▶ [THE INPUT]
+---+
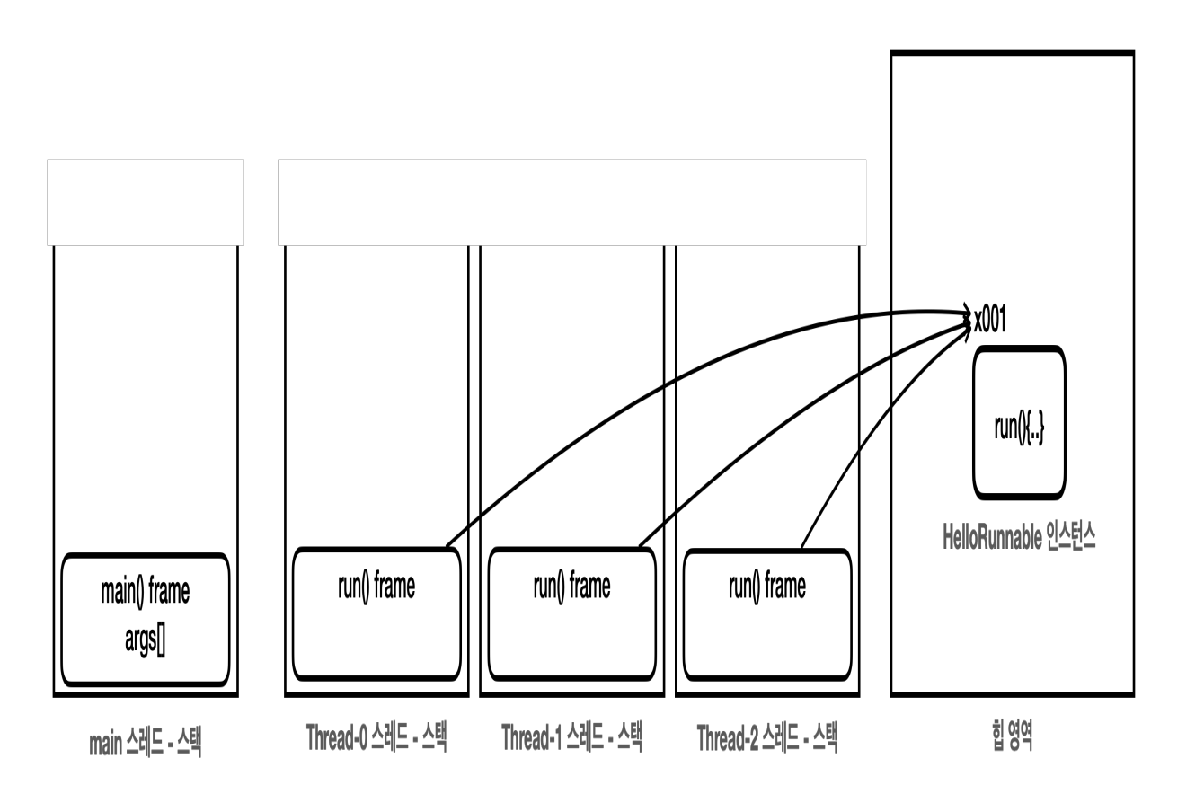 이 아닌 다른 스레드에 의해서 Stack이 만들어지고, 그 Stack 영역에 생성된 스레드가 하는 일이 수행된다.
+---+
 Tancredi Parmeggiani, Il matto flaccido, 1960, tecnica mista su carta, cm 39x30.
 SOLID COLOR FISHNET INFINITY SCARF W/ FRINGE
+---+
▶ [EXERCISE DESCRIPTION] Could you return exactly the stretch of the data above that starts at the line with "Tancredi Parmeggiani, Il" and ends at the line with "SOLID COLOR FISHNET INFINITY SCARF W/ FRINGE", both lines included?

▶ [COMPLETED TASK]
 Tancredi Parmeggiani, Il matto flaccido, 1960, tecnica mista su carta, cm 39x30.
 SOLID COLOR FISHNET INFINITY SCARF W/ FRINGE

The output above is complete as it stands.